В 1-й том Собрания сочинений Ванды Василевской вошли её первые произведения — повесть «Облик дня», отразившая беспросветное существование трудящихся в буржуазной Польше и высокое мужество, проявляемое рабочими в борьбе против эксплуатации, и роман «Родина», рассказывающий историю жизни батрака Кржисяка, жизни, в которой всё подавлено борьбой с голодом и холодом, бесправным трудом на помещика.Содержание:Е. Усиевич. Ванда Василевская. (Критико-биографический очерк).Облик дня. (Повесть).Родина. (Роман).
В 7 том вошли два романа: «Неоконченный портрет» — о жизни и деятельности тридцать второго президента США Франклина Д. Рузвельта и «Нюрнбергские призраки», рассказывающий о главарях фашистской Германии, пытающихся сохранить остатки партийного аппарата нацистов в первые месяцы капитуляции…

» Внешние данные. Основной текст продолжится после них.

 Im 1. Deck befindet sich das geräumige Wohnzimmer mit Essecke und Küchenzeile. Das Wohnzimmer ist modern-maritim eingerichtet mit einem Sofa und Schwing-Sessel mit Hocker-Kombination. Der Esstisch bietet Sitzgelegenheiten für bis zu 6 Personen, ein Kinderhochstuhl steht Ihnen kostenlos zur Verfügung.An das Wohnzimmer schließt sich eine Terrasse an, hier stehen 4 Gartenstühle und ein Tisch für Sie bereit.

«Тысячи лет знаменитейшие, малоизвестные и совсем безымянные философы самых разных направлений и школ ломают свои мудрые головы над вечно влекущим вопросом: что есть на земле человек?Одни, добросовестно принимая это двуногое существо за вершину творения, обнаруживают в нем светочь разума, сосуд благородства, средоточие как мелких, будничных, повседневных, так и высших, возвышенных добродетелей, каких не встречается и не может встретиться в обездушенном, бездуховном царстве природы, и с таким утверждением можно было бы согласиться, если бы не оставалось несколько непонятным, из каких мутных источников проистекают бесчеловечные пытки, костры инквизиции, избиения невинных младенцев, истребления целых народов, городов и цивилизаций, ныне погребенных под зыбучими песками безводных пустынь или под запорошенными пеплом обломками собственных башен и стен…».

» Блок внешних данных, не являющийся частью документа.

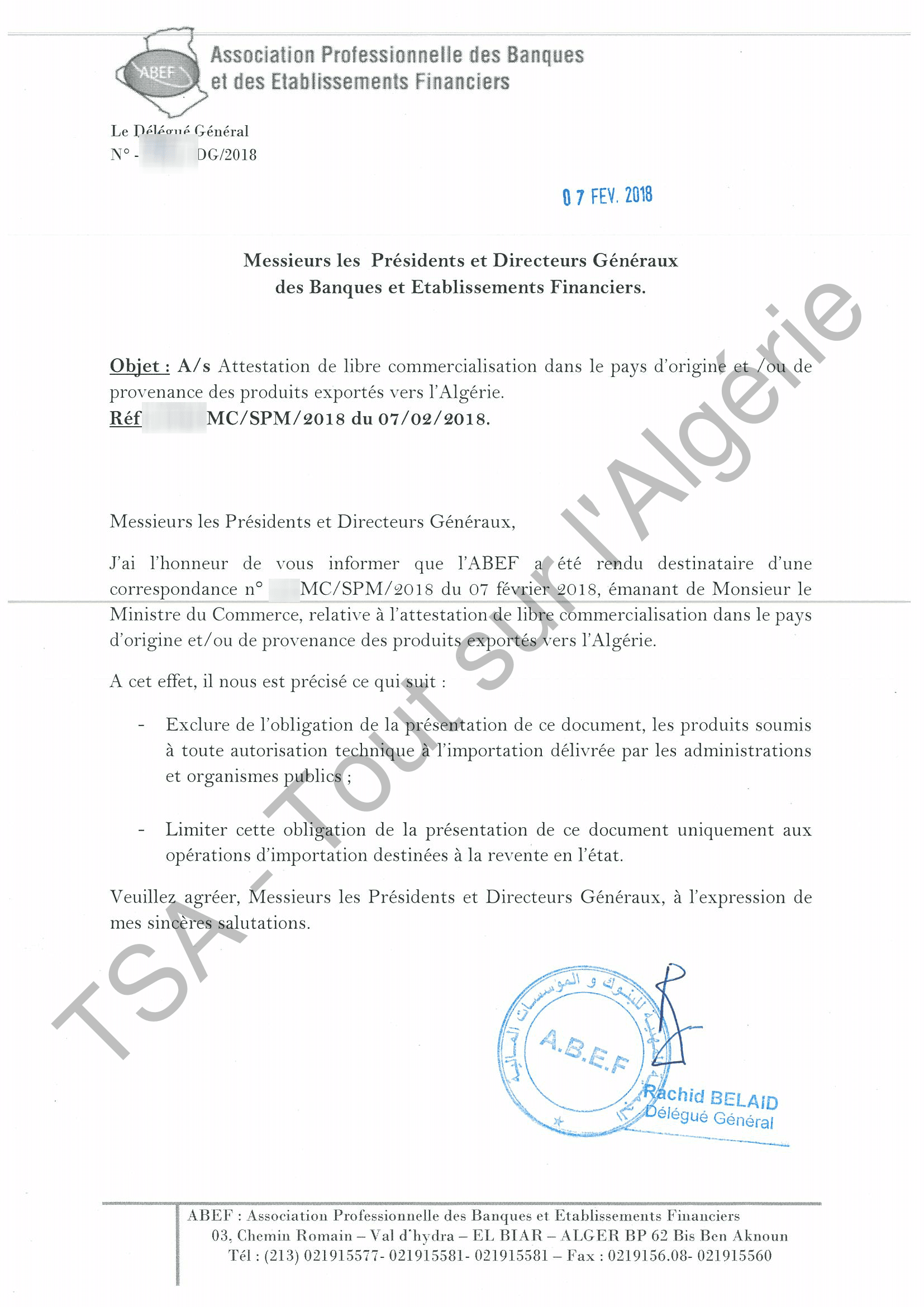 Du nouveau pour les importateurs. Dans une note adressée aux banques mercredi 7 février, dont nous détenons une copie, l’Abef précise que l’attestation de libre commercialisation dans le pays d’origine est réservée uniquement aux opérations d’importation destinées à la revente en l’état.

В чём причины нелюбви к Россиии западноевропейского этносообщества, включающего его продукты в Северной Америке, Австралии и пр? Причём неприятие это отнюдь не началось с СССР – но имеет тысячелетние корни. И дело конечно не в одном, обычном для любого этноса, национализме – к народам, например, Финляндии, Венгрии или прибалтийских государств отношение куда как более терпимое. Может быть дело в несносном (для иных) менталитете российских ( в основе русских) – но, допустим, индусы не столь категоричны.